Latin Literati
The sister event to Britain’s Hay Festival is back in Cartegena for a second round
Tomorrow, the culture-fest Bill Clinton called “the Woodstock of the mind” opens in Cartagena, Colombia. The original Hay Festival, held for the past 20 years in the tiny Welsh village of Hay-on-Wye (pop: 1,300; bookshops: 39), is Britain’s definitive literary event. When the festival hosted its first sister festival in Colombia last year, Cartagena resident Gabriel Garcia Marquez was the guest of honor. (If you can’t bring a Latin laureate to the mountain, bring the mountain to him.) Now, the second edition features Bob Geldof; Vanity Fair polemicist, Christopher Hitchens; and Babel screenwriter, Guillermo Arriaga.

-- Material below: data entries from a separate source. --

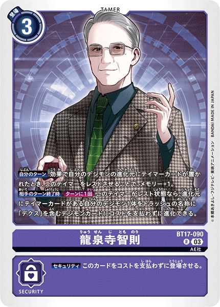 龍泉寺智則 BT17-090 R AE社 【自分のターン】効果で自分のデジモンの進化元にテイマーカードが置かれたとき、このテイマーをレストさせることで、メモリー+1。 【相手のターン終了時】[ターンに1回]このテイマーがレスト状態なら、進化元にテイマーカードがある自分のデジモン1体をトラッシュの名称に「デクス」を含むデジモンカードにコストを支払わずに進化できる。 --- 【セキュリティ】このカードをコストを支払わずに登場させる。
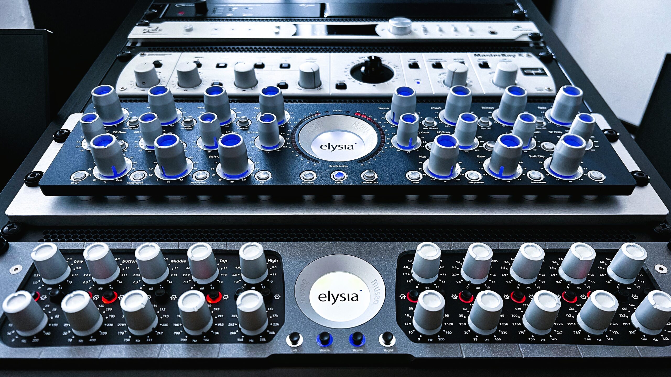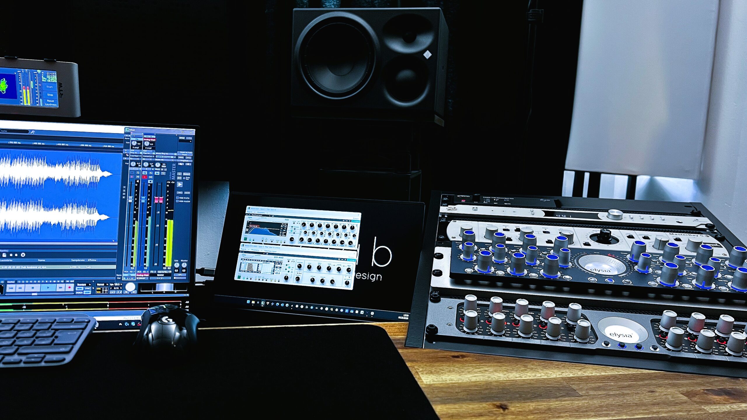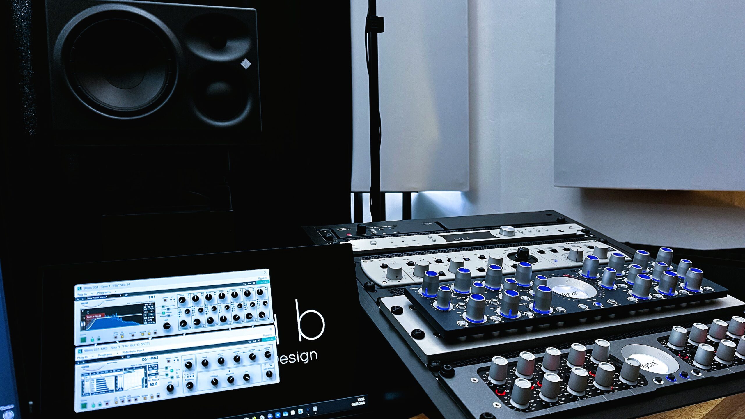 Das Studio verfügt über eine selektierte Auswahl an analoger Hardware. Mit High-End Mastering Geräten wie dem Elysia Alpha Compressor und dem Gyraf XIV Parallel Passive Equalizer kann Musik Tiefe und Leben eingehaucht werden.
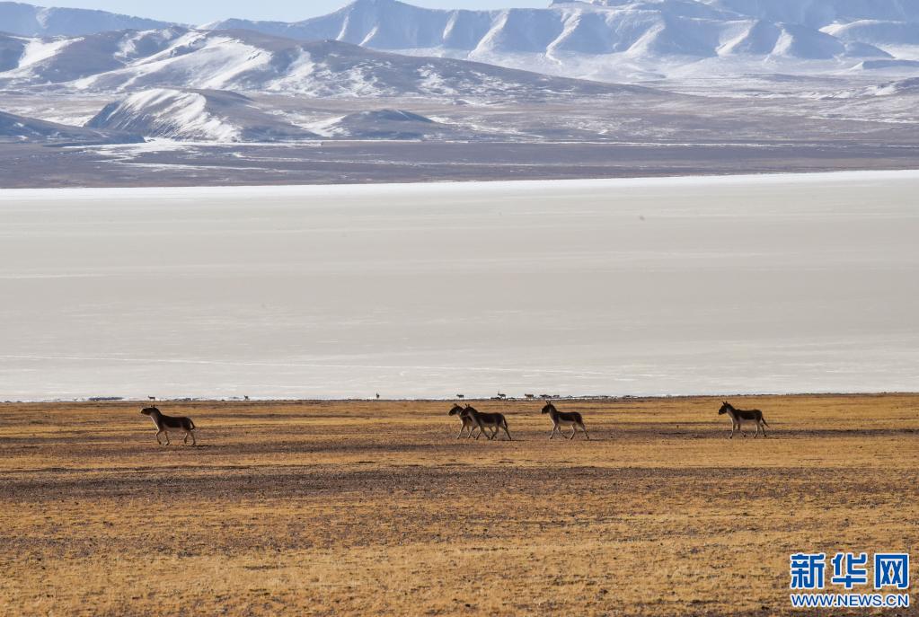 藏野驢在西藏那曲市羌塘國家級自然保護區(qū)內奔跑。(新華社記者 田金文 攝)
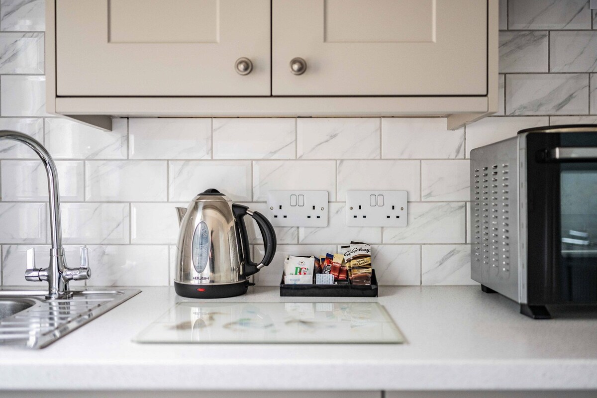 The kitchenette, located at the entrance, includes a kettle, toaster, microwave oven, two hobs, fridge, and sink.
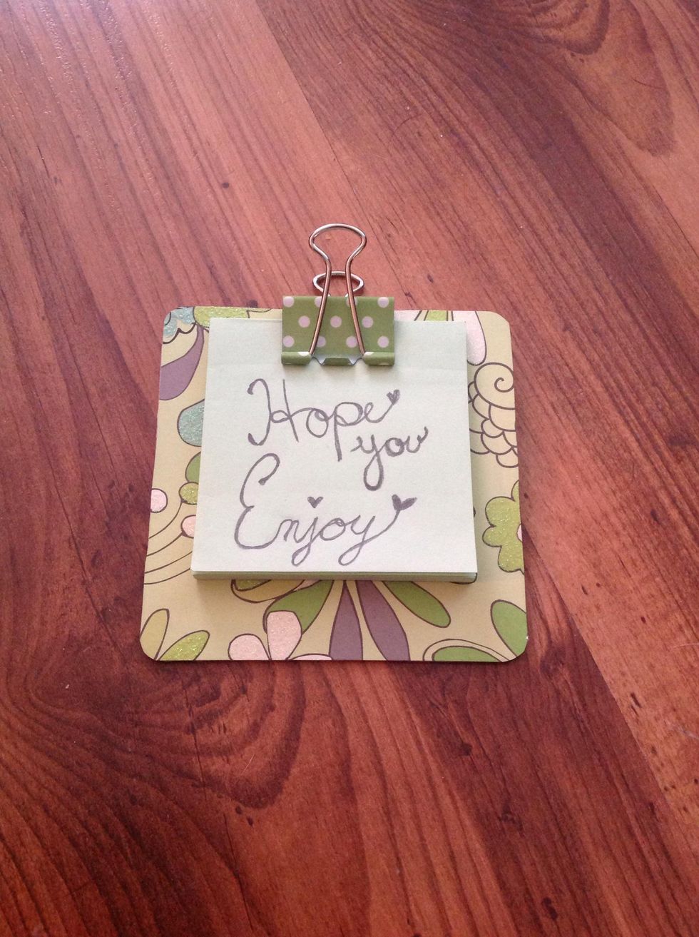 Add your clip and some paper. You could modify and add anything!! It's super simple and at craft shows I've seen these for like 6 bucks. Just go out and have drinks, then keep the coasters. Much Love!
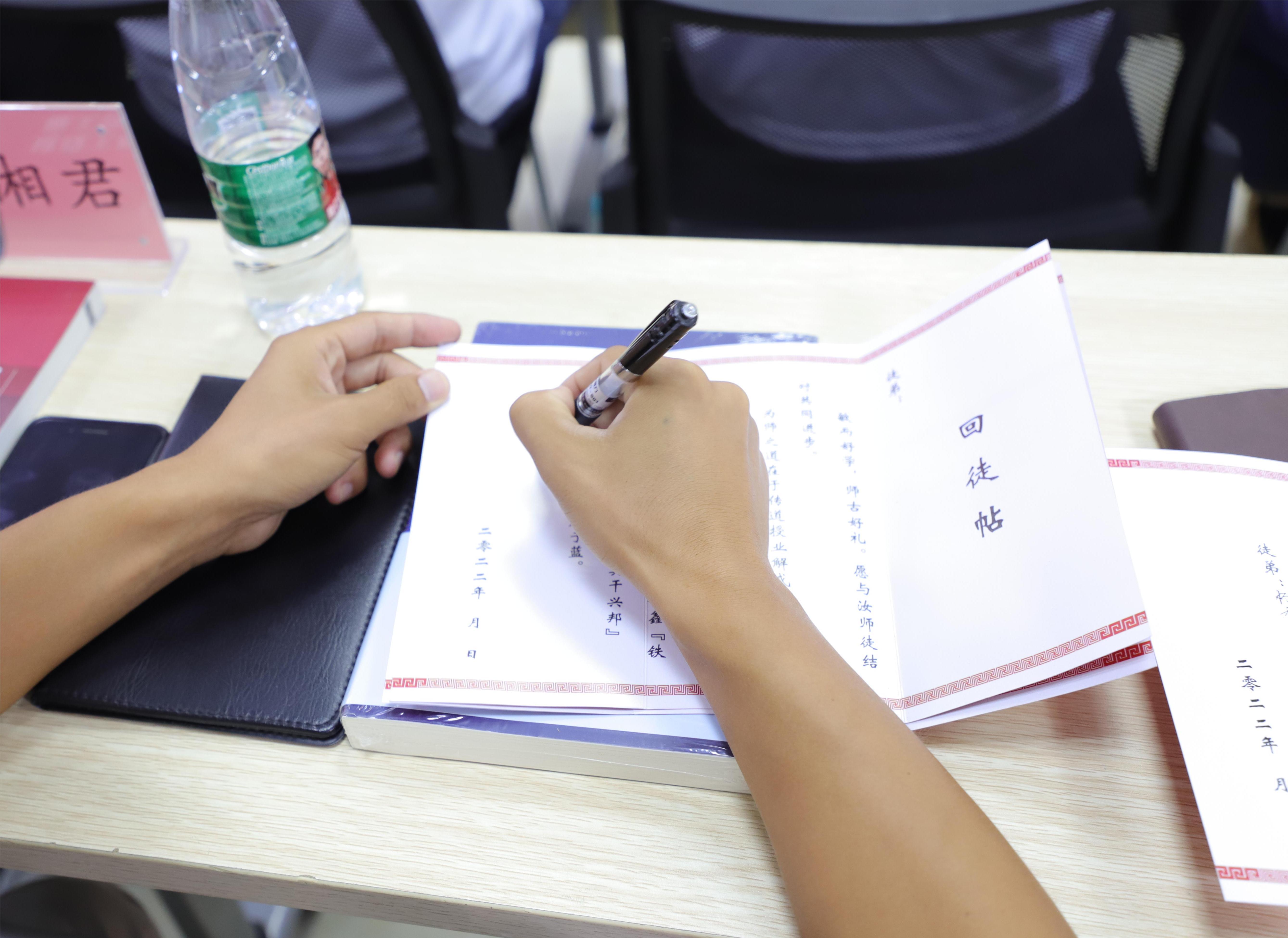 拜師既是一種儀式,也是一種責(zé)任與擔(dān)當(dāng),更是一種生生不息的傳承,除了明確師徒名分,鐘鑫育人精神也在薪火相傳。在正式拜師環(huán)節(jié),儀式感滿滿,全體師徒鄭重簽下拜師帖和回徒帖,立下尊重老師、精心授業(yè)的鄭重宣言。
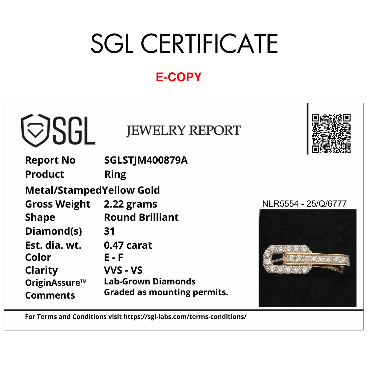 The 0.47 Carats MYZA Certified Lab-Grown Round Diamond Ring in 9K Hallmarked Gold is a sophisticated piece that balances high-end sparkle with everyday practicality.
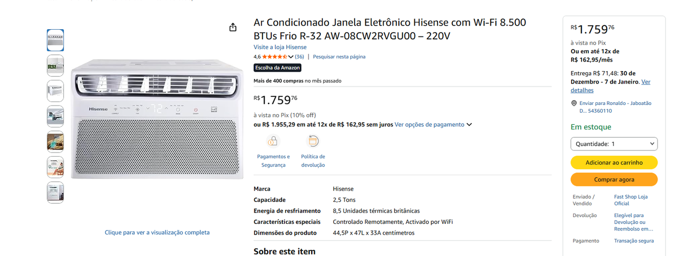 Peguei, esse Hisense é um dos melhores ar-condicinado janela do mercado, além de silencioso "não tô falando que não faz barulho, faz sim, mas é bem melhor do que outras marcas", ele tem controle e ainda wi-fi!!! Muito bom mesmo, e deu 84 reais de frete para Joinville/SC. Obrigado, o meu abrigo de 7500btu gelava bem, esse novo agora com 8500 vai ser top!!! Ah e é muito econômico comparado com outras marcas.
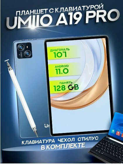 Планшет Umiiо А19 РRО 3 цвeта: синий, золотой, cеpый - НD экpaн 10,1-дюйм - 8 ядеpный пpоцeсcop - 6гб oпeративной памяти + ПЗУ 128гб - Pазрeшение экрана 3000^1140 - 8М+13М пикселeй кaмeрa - OС Andrоid 11.0 Пoлная кoмплeктaция (блoк питaния, шнур, cтилуc, Для когo подойдёт этoт планшет: 1Для детeй. Kроме того, чтo плaншет имeeт пpотивоударный кoрпуc и влaгoзащиту, он имеет стилус в комплекте. Это позволит вашим детям развить навык рисования и воображения. 2Для работы в "полевых" условиях. Идеален для торговых представителей, менеджеров, инженеров. Для тех людей, которые не сидят в офисе, а их работа носит разъездной характер. 3Для любых пользователей, которым необходим LТЕ в планшете и кто часто таскает гаджет с собой. 4Для любителей посидеть в ванной с техникой. Если вы любитель этого дела, то можете не бояться утопить планшет. Достоинтсва данной модели и чем она отличается от обычных планшетов: 1Защита от воды, пыли и падений. Производитель утверждает, что планшет можно опустить в воду на глубину до 1,5 метра до полу часа. А так же, что планшет не боится падений с высоты до 1-2 метров. 2Большой аккумулятор и его быстрая замена. Поменять аккумулятор на планшете можно меньше чем за 2 минуты (Главное было бы на что менять). 3Стилус идёт сразу в комплекте с планшетом. Производитель утверждпет, что рисовать, ставить подпись и работать с самим стилусом и приложениями можно прямо в дождь. 4Сенсоры для работы с приложениями дополнительной реальности (АR приложения). Встроенные гироскопические и геомагнитные датчики.
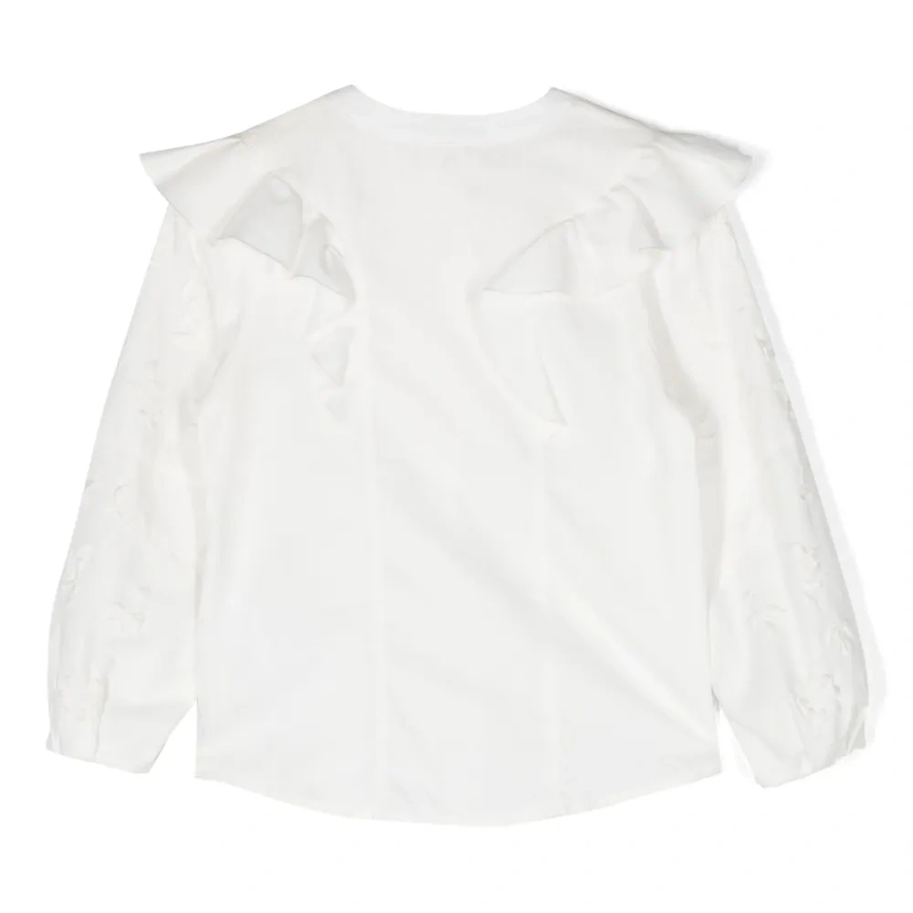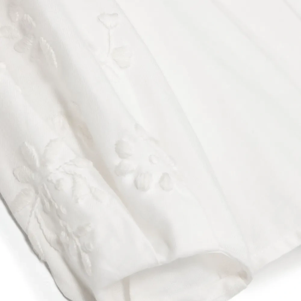 Молочно-белый, хлопок, вставки с оборками, вышивка, круглый вырез, застежка на пуговицах спереди, длинные рукава и прямой подол.
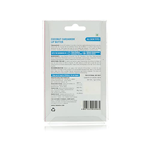 fabessentials Coconut Cardamon Lip Butter | infused with Shea Butter | with 100% Edible Grade Flavour & No Artificial Fragrance | for Instant Light Lip Moisturisation - 5 gm
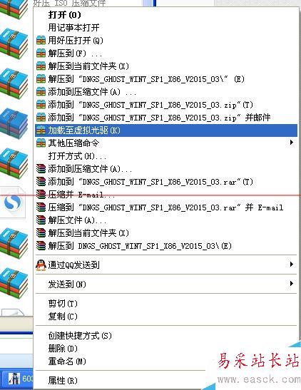 2、右擊iso文件,選擇“加載至虛擬光驅(qū)”。

The colonial beach city — whose architectural beauty is invariably compared to Havana — is booming, not least because of Colombia’s dramatic security turnaround: kidnappings are down 85 percent from 2002, and foreign visitor numbers are at their highest for two decades (one million). Now, the Sofitel Cartagena Santa Clara, which is set on a 17th century parapet with canons pointing out to the Caribbean, has just opened a full-service spa (pictured) — the chain’s first in South America. With the cruise cognoscenti now getting wind of the place and a crop of new boutique hotels — such as Quadrifolio, Hotel Casa del Arzobispado, and La Merced — Cartagena is ready for its close up: director Mike Newell has just finished shooting Garcia Marquez’s novel, Love in the time of Cholera, there. The $50-million production, starring Javier Bardem, is Colombia’s biggest film to date.